General-Purpose: Llama 3.1 8B
Meta's Llama 3.1 8B instruct model is the default starting point for home AI users and the most widely used open model in the Ollama ecosystem. It handles general conversation, summarisation, question-answering, writing assistance, and basic reasoning well. At Q4_K_M quantisation, it requires approximately 4.7GB of RAM, which fits in systems with 8GB or more total RAM with adequate headroom.
Pull command: ollama pull llama3.1:8b
Llama 3.1 supports a 128,000-token context window in its full form, though Ollama's default context length is 2,048 tokens unless configured otherwise. If you need to process long documents, set the context length in the Ollama model configuration. The Llama 3.1 family also includes a 70B parameter version for hardware with sufficient RAM (35 to 40GB available), which offers substantially better reasoning and instruction-following capability at the cost of significantly slower inference.
Coding: Qwen2.5-Coder 7B and DeepSeek Coder V2
General-purpose models handle basic code tasks adequately, but models trained specifically on code perform noticeably better for debugging, code generation, and code explanation.

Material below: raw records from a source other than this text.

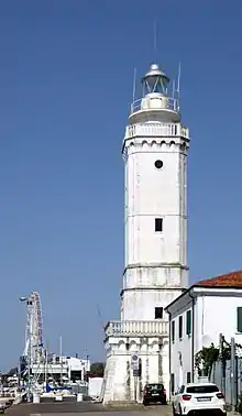 | Punta Tagliamento Lighthouse | ![]() | 1913 | San Michele al Tagliamento 45°38′10.6″N 13°05′51.3″E | Fl (3) W 10s. | 22 metres (72 ft) | 11572 | E2518 | 15 |
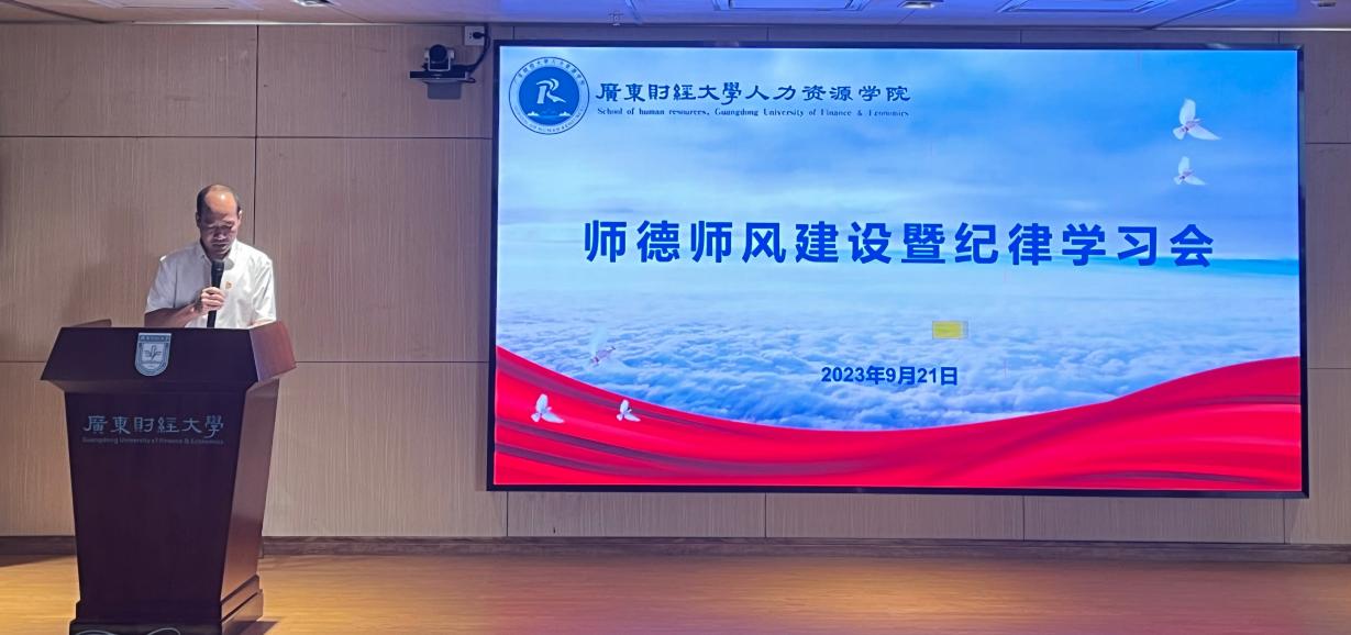 9月21日下午,云顶国际8588yd在佛山校区同心楼101学术报告厅召开了师德师风建设暨纪律教育学习会。经理萧鸣政、党委书记黄东阳、党委副书记阮方明、副经理尹来盛、吴坤津及全院教职员工出席。学习会由黄东阳主持。
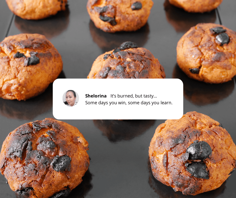 I set my timer for 10 minutes. Turns out it’s too long. 5 minutes in, I can smell something is burning. I peek in my oven, and yes my cookies are burned. Still edible, but burned.
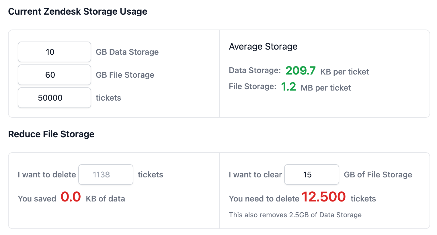 Take the example above. We know we have 50.000 tickets, and our File Usage is 60GB. This means that, on average, we have 1.2MB of File Storage per ticket.
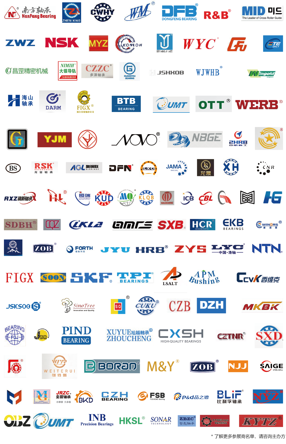 本届展会荟萃多元化轴承产品,集聚众多知名品牌与制造商。截止目前,已确认参展的品牌企业包括常州市吉贝尔轴承厂、临清环创轴承、常州锐阳机车配件、河北富兰特轴承、河北道名陶塑、临清市快特轴承、嘉善明琴无油轴承、浙江纽伦轴承、常州剀正斯轴承、上海郑升轴承、宁波名红佳轴承、瓦房店华杰轴承、合肥海视达智能科技、江普轴承、无锡杰勤机械、常州泉圣轴承、常州安邻轴承等。
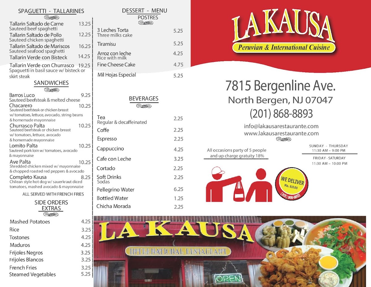 If you're looking to try something new and exciting, La Kausa Restaurant Menu has something for everyone. Located at 7815 Bergenline Ave Suite 2, North Bergen, NJ, this spot brings a fresh take on traditional flavors with an eclectic mix that will make your taste buds dance. Whether you're craving a hearty meal or something light and fresh, there’s no shortage of options. From savory appetizers to bold, flavorful entrees, each dish is crafted with care and the best ingredients. It’s the kind of place where each visit feels like discovering a new favorite dish. The vibe is relaxed, making it perfect for a casual meal with friends or family. Whether you’re here for a quick bite or to savor a longer meal, you’ll find something to enjoy at La Kausa.
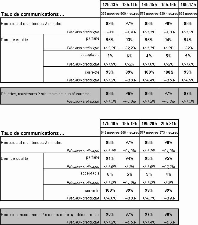 réussies et du taux de communications de qualité
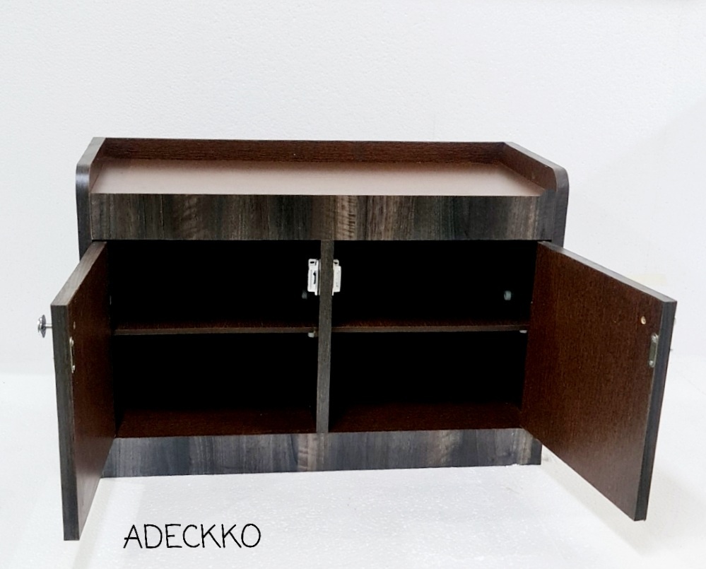 Shop for entryway shoe rack bench by Adeckko Double Door Shoe Rack with Black Leatherette Upholstery Sitting made of durable Plywood Wood. Will be sent in assembled condition. Made of High Quality Plywood with Premium Laminate finish. Material - PLYWOOD + LAMINATE Dimensions - Height 20 inches Width 30 inches Depth 13 inches Pre-assembled - NO Assembly Required. *Product comes without cushion For customization of this Product, Get in touch at 9999320028
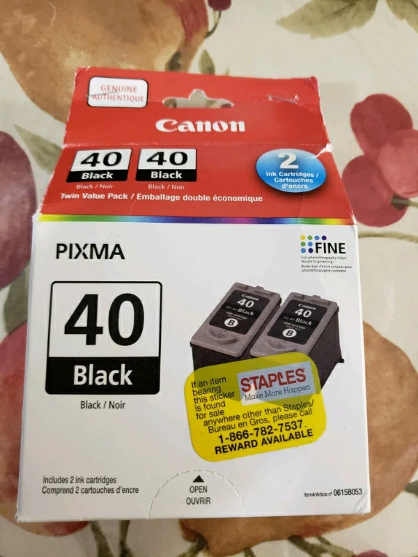 Genuine Canon ink cartridges #40 Black ⚫ cartridges. PIXMA compatible. Purchased from Staples. Pickup at Jane and Eddystone
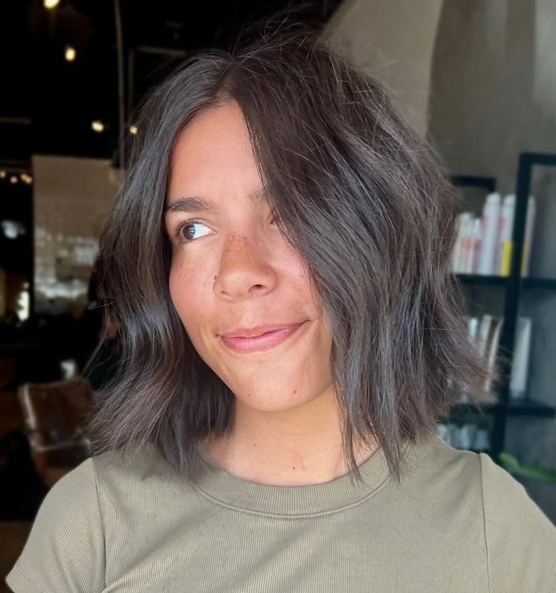 The rich chocolate brown shade is what initially draws your attention to this look, however, the standout cut with choppy ends is what makes it unforgettable. Styled with a side part and subtle highlights, this shoulder-length hairdo can be adapted for many hair types.
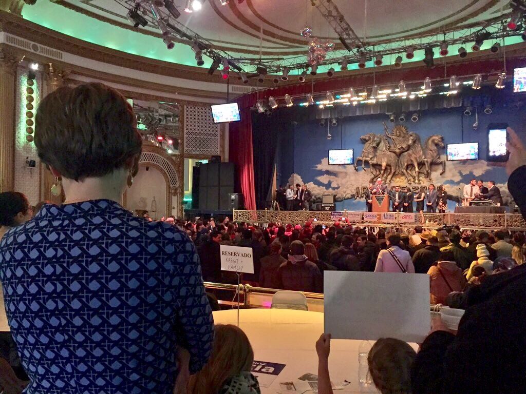 Fritz Kaegi's wife, Rebecca, and three children look on during his acceptance speech for Cook County Assessor at Apollos 2000 on Mar. 20, 2018.
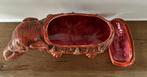 Aujourd'huiCaratpartsGenk - Boîte à bijoux - Olifant - Faïence - Vide-poche de boîte àéléphant en céramique avec couvercle, pouvant servir de vide-poches ou de boîte à bijoux, émaillé en rouge et de style midcentury modern, daté de 1940–1950, mesurant 17 cm de haut, 25 cm de large et 1
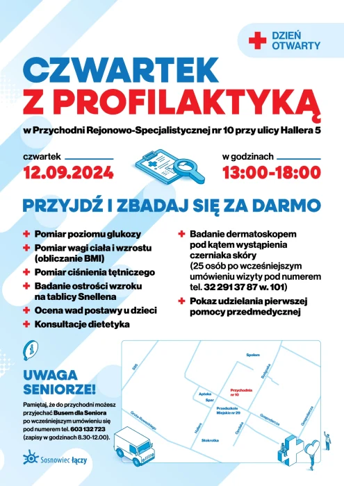 12 września (czwartek) w godz. 13.00-18.00 władze miasta zapraszają na ”Czwartek z profilaktyką”, który odbędzie się w Przychodni Rejonowo – Specjalistycznej nr 10 przy ulicy Hallera 5.
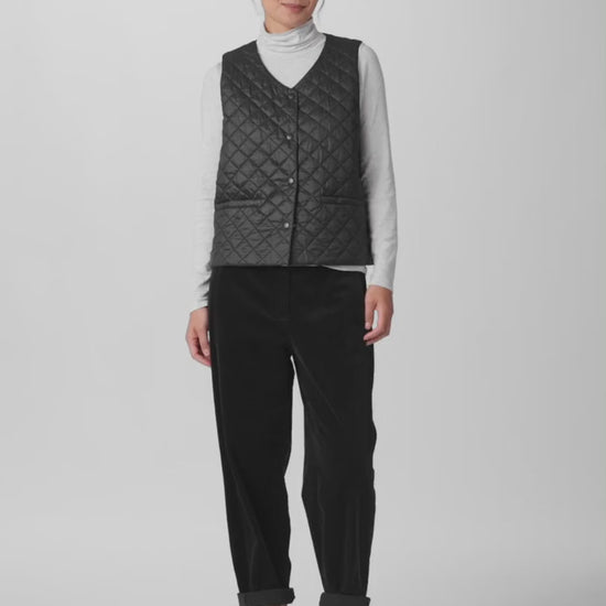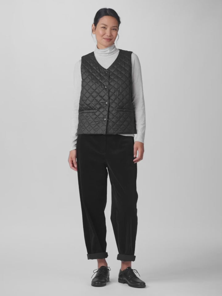 A quilted vest with a V-neck and snap button front. In a recycled nylon weave that keeps warmth in—and waste out of landfills. (Copyright Eileen Fisher 2025)
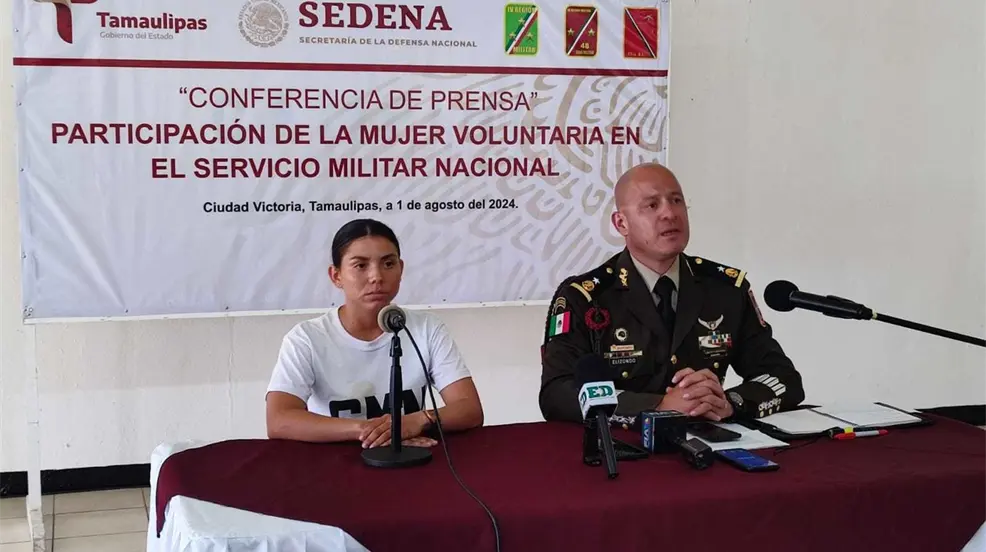 CIUDAD VICTORIA, Tamaulipas.- Durante una conferencia de prensa, el C. General Brigadier de Estado Mayor, Carlos Elizondo Serrano, jefe del Estado Mayor de la 48/a Zona Militar, hizo un llamado a las mujeres para incrementar su participación en el Servicio Militar Nacional (S.M.N.).
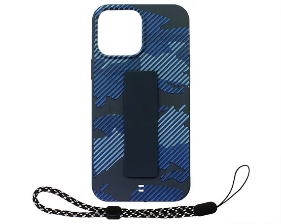 Чехол iPhone 13 Pro Max Камуфляж с держателем (синий)
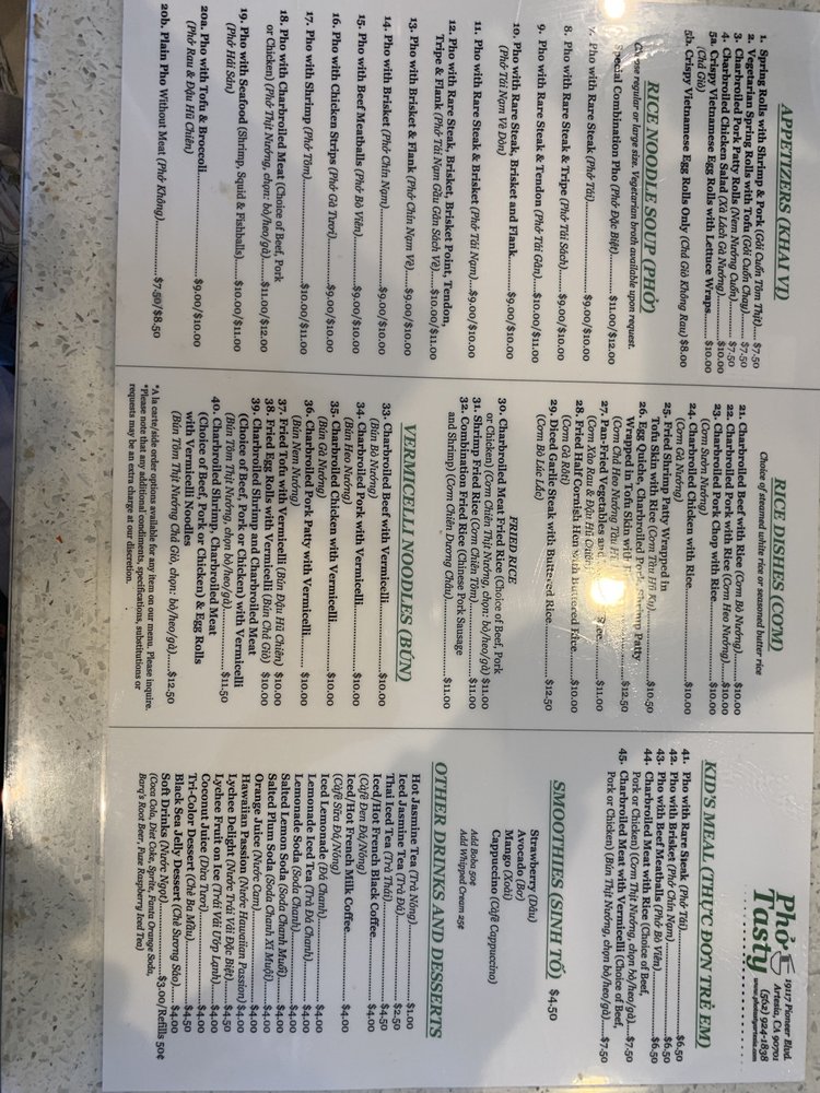 Located in Artesia, CA, Pho Tasty is a popular Vietnamese restaurant known for its delicious noodles and soup dishes. The menu offers a variety of options, including vegan and limited vegetarian choices. Customers praise the quick service, high-quality food, and cozy atmosphere. The menu includes traditional dishes like pho and com suong, all served with generous portions of noodles and flavorful toppings. Many reviewers recommend trying the grilled BBQ pork with pho for a satisfying and quick meal. With options for outdoor seating, catering, and happy hour specials, Pho Tasty is a versatile dining spot for groups, families, and solo diners alike. Visit Pho Tasty for an authentic Vietnamese dining experience in the heart of Southern California.
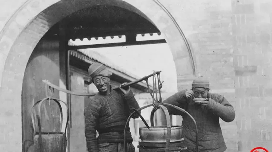 这俩是走街串巷的饭挑,蒸桶一头,汤壶一头,杠子压在肩窝里,人停下就能开张,一勺盛到碗里,客人端着呼噜噜就下肚,风刮脸上像刀,热汤顺喉像火,父亲说以前下工回来,最盼的就是拐角处一声吆喝,来一碗,盐淡些也香。
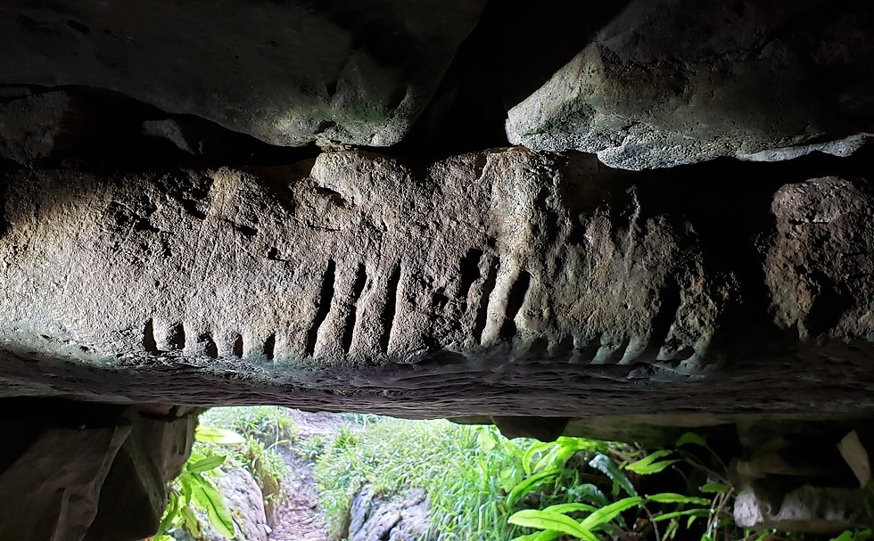 We did a wonderful tour out of the Rathcroghan Visitor Center which included a trip to neolithic mounds and a descent into "Cave of the Cats" which includes this lintel with ca. 5th century Ogham "writing". https://www.rathcroghan.ie/

Two models stand out at the 7B to 16B range that fits in typical home hardware.
Qwen2.5-Coder 7B from Alibaba is the strongest 7B-class coding model available at this size. It fits in the same RAM envelope as Llama 3.1 8B and handles code completion, debugging, and code explanation across multiple programming languages including Python, JavaScript, Go, Rust, and others. It is the first choice for coding assistance on hardware with 8 to 16GB available for inference.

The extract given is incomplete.